They told her not to name him.

But she did and Kinley Haze and “Wilbert” formed a bond.

Kinley, 16, is a sophomore at Orange High School. Six-month-old Wilbert is a 223-pound Blue Butt show pig.

Kinley showed Wilbert at the 2017 Central Piedmont Junior Livestock Show & Sale recently in the Central Carolina Holstein Association Barn on Orange Grove Road here. It was the 72nd year of the annual event.

Kinley has always had an interest in farms.

Her grandmother, Charlotte McGhee, grew up on her own daddy’s farm with cows, chickens and of course pigs. They even grew and “pulled” a little tobacco, McGhee remembers. The grandmother graduated from Orange High in 1966.

Kinley’s mother, Teresa Haze, showed cows as a little girl. Although she now works in a bank, far separated from fieldwork, Teresa Haze was not the least surprised by her daughter’s decision to deviate from the stereotypical teenaged American girl mien and get her hands dirty.

After signing up for a Future Farmers of America (FFA) agriculture elective course at Orange High, Kinley carried on the family’s female farming legacy.

“I really wanted to show an animal but didn’t know what type I wanted to show,” Kinley said.

A starter animal

Goats are stubborn. Cows are big and their size can make them unmanageable for the untrained farmhand. Pigs are unruly but Kinley’s teacher told her that regardless they’re good “starting animals,” she said.

The FFA class at Orange High School strives to teach students the realities of a working farm and what that entails. The animals are not pets. Each student in Kinley’s FFA elective course picked out an animal in the school’s barn on the first day of class that they’d be responsible for showing at the 2017 Central Piedmont Junior Livestock Show & Sale.

Kinley picked Wilbert.

“I didn’t want to name him Wilbur,” Kinley said. “I didn’t want to be, like, ‘that person.’”

She named him despite her instructors’ advice.

“They told us not to,” Kinley said. “But I did and my teacher started calling him Wilbert too, so ...”

Wilbert the piglet was born in October and Kinley picked him to be her pig at the tail-end of January.
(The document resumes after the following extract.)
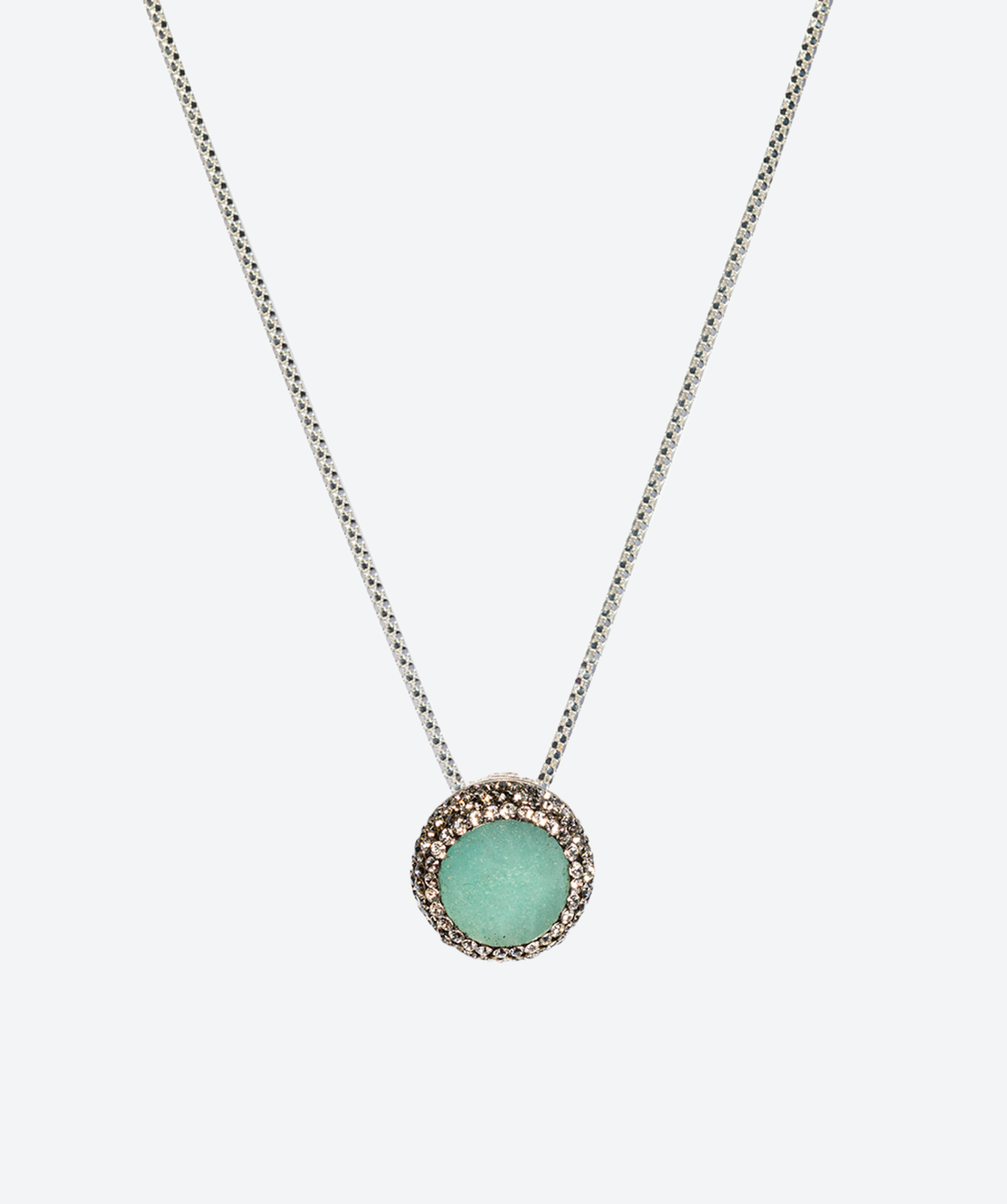 To elevate the central stone, it is embraced by a luxurious double halo. Two concentric rows of small, brilliant crystals frame the gem, creating a sparkling border that catches the light from every angle. This exquisite balance of smooth stone and shimmering crystal defines the essence of luxury jewelry. Capture timeless elegance and add a subtle yet stunning touch of brilliance to your neckline with this versatile treasure.

“I liked him the best,” Kinley said. “And, well, my adviser helped me pick him out, like structure-wise, to see if he’d be a good show pig.”

Key attributes?

What are the important attributes that go into defining what is a “good” show pig?
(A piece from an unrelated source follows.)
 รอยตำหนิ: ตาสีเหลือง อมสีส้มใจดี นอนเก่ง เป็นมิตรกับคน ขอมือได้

“Just basically how wide their shoulders are. How their hams are looking. And their depth of rib, which is basically like how far down their body goes,” Kinley explained. “You don’t want a pig that is short and stubby, obviously. And you kind of want a pig that has a long loin.”

The “structure” of a good show pig is defined by a pig’s potential for its future well-developed meat qualities.

Wilbert is neither short nor stubby. In fact, he is tall and has a very long loin. Essentially, a loin is a pig’s back.

Hams are “their butt,” Kinley said. Wilbert has excellent hams.

Wilbert is muscular in his shoulders plus he has depth of rib.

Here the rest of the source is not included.